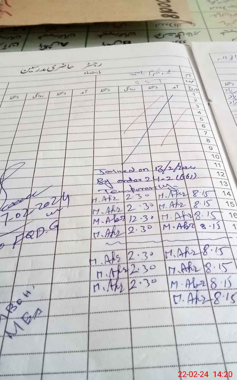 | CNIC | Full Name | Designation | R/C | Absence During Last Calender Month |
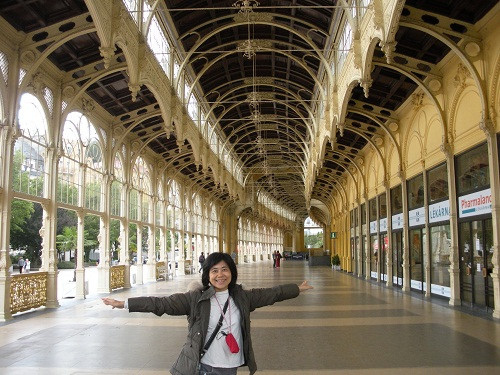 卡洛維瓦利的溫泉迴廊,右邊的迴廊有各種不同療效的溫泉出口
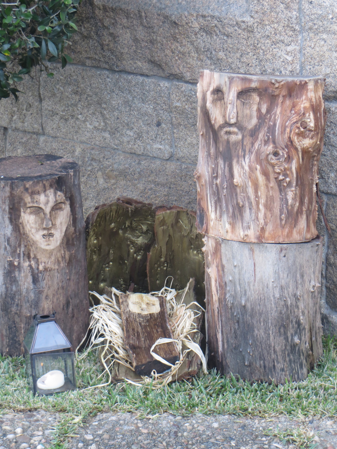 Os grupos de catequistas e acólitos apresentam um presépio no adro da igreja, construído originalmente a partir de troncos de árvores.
---
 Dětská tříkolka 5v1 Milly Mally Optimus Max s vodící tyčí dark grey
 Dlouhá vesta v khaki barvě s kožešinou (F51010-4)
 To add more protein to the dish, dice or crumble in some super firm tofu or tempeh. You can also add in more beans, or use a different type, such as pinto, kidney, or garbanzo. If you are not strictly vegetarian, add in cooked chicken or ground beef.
---
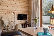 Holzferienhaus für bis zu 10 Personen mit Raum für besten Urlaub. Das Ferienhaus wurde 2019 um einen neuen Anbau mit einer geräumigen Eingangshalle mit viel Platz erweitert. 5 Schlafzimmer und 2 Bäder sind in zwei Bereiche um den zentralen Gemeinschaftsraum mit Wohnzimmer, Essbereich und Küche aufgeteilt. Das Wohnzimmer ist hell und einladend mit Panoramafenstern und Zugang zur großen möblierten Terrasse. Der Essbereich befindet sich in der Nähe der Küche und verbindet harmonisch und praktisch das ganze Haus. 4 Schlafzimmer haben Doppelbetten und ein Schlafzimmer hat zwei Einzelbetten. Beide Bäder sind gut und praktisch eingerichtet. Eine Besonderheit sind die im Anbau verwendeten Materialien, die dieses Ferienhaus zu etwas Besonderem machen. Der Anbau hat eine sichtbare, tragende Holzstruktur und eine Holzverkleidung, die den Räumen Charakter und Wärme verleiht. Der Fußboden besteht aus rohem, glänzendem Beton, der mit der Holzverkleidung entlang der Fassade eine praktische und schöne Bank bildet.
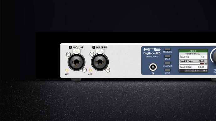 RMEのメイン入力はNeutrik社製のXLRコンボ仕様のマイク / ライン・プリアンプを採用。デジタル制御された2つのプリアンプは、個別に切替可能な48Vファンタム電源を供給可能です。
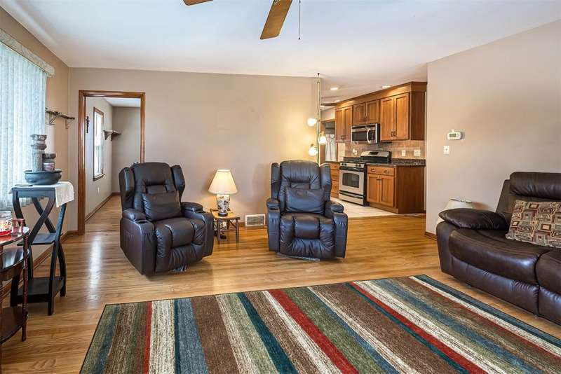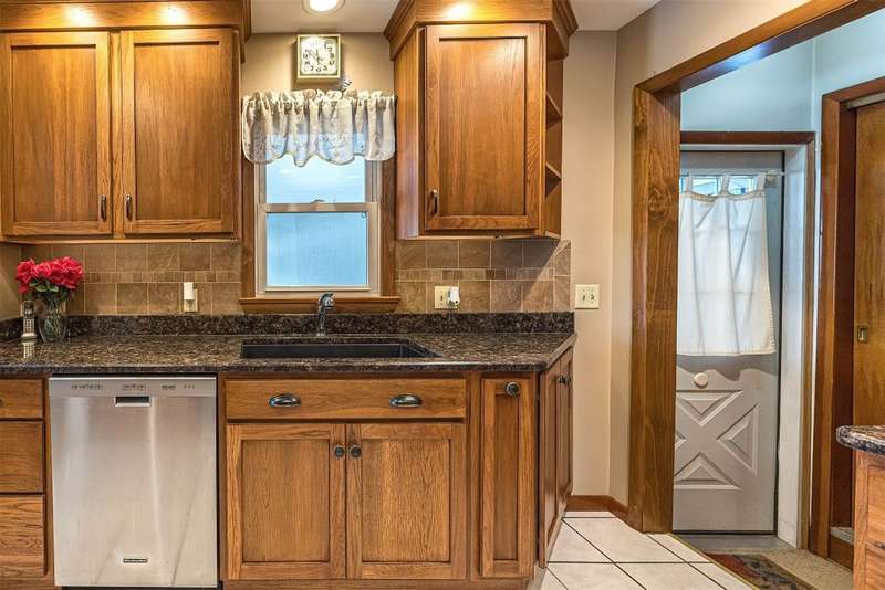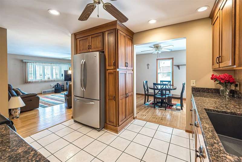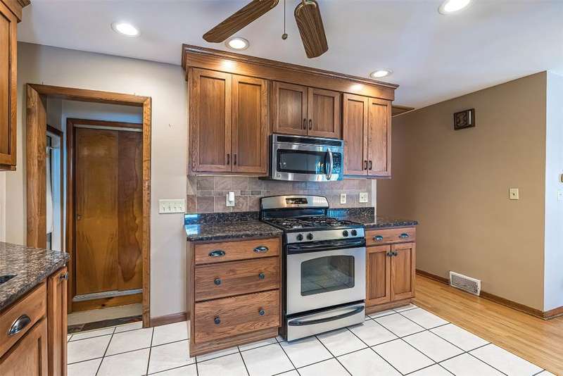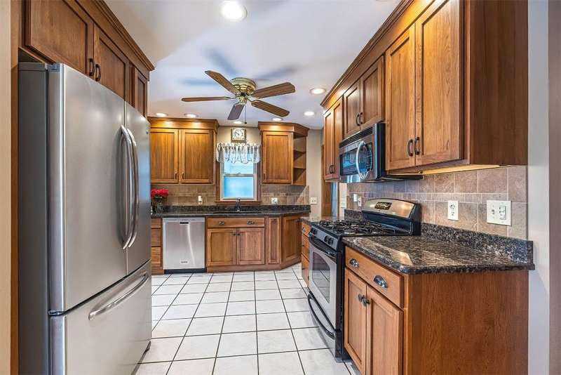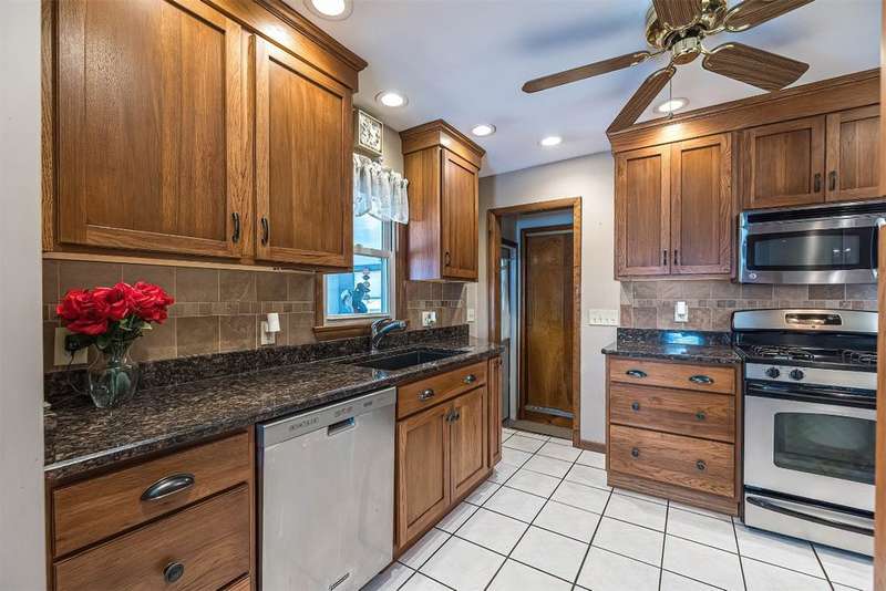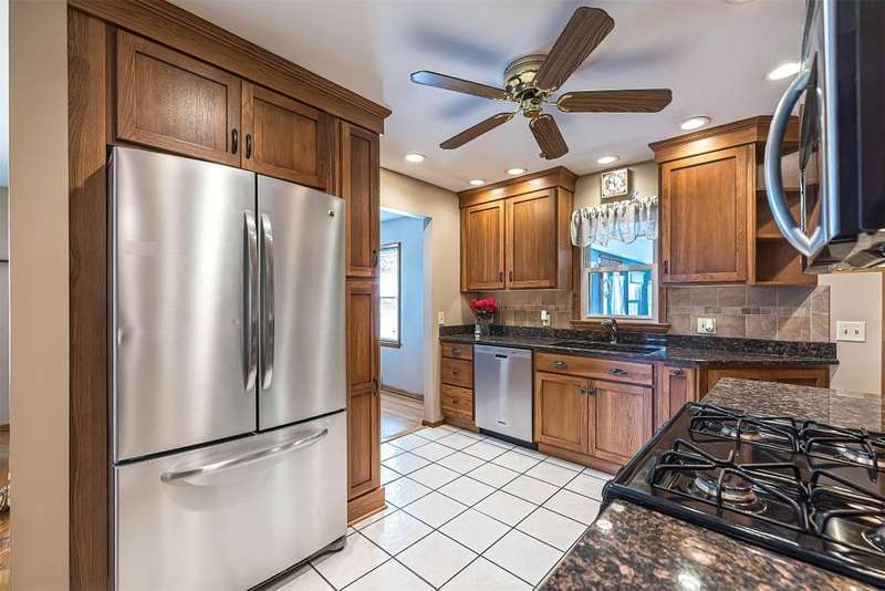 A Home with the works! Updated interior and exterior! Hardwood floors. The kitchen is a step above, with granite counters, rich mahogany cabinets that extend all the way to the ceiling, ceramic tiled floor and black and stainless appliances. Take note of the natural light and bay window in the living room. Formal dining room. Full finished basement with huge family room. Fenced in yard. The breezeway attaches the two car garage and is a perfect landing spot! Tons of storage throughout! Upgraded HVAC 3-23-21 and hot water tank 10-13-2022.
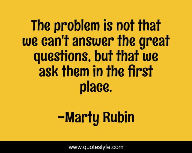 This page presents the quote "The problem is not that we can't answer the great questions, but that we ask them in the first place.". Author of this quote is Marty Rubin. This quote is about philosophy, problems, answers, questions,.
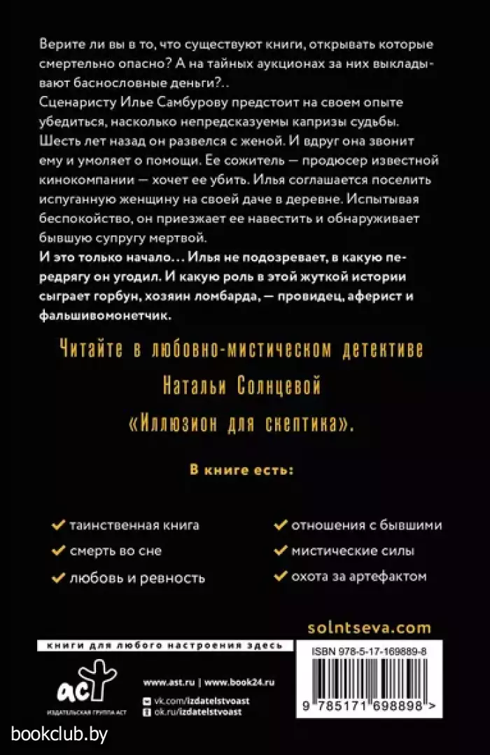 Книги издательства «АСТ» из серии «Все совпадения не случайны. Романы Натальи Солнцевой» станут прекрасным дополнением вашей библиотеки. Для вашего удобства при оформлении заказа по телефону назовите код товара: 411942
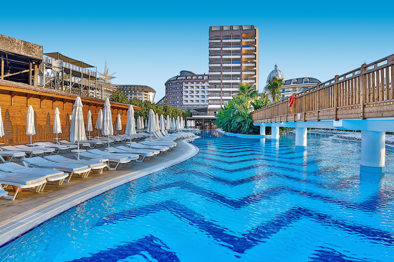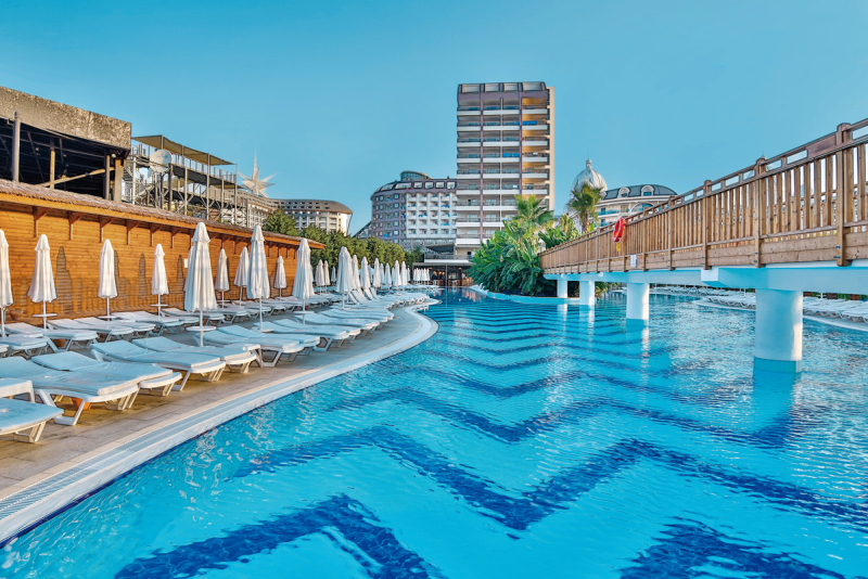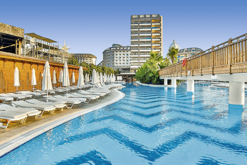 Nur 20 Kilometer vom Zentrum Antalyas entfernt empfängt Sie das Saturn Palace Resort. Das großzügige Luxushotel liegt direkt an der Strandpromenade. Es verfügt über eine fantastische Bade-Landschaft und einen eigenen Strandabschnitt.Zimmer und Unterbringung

PROBLEM TO WORK ON:
Output only the stretch above from the line with "This page presents" through the line with "Nur 20 Kilometer", reproduced exactly. Exclude pictures.

RESPONSE TO THE TASK:
 This page presents the quote "The problem is not that we can't answer the great questions, but that we ask them in the first place.". Author of this quote is Marty Rubin. This quote is about philosophy, problems, answers, questions,.
 Книги издательства «АСТ» из серии «Все совпадения не случайны. Романы Натальи Солнцевой» станут прекрасным дополнением вашей библиотеки. Для вашего удобства при оформлении заказа по телефону назовите код товара: 411942
 Nur 20 Kilometer vom Zentrum Antalyas entfernt empfängt Sie das Saturn Palace Resort. Das großzügige Luxushotel liegt direkt an der Strandpromenade. Es verfügt über eine fantastische Bade-Landschaft und einen eigenen Strandabschnitt.Zimmer und Unterbringung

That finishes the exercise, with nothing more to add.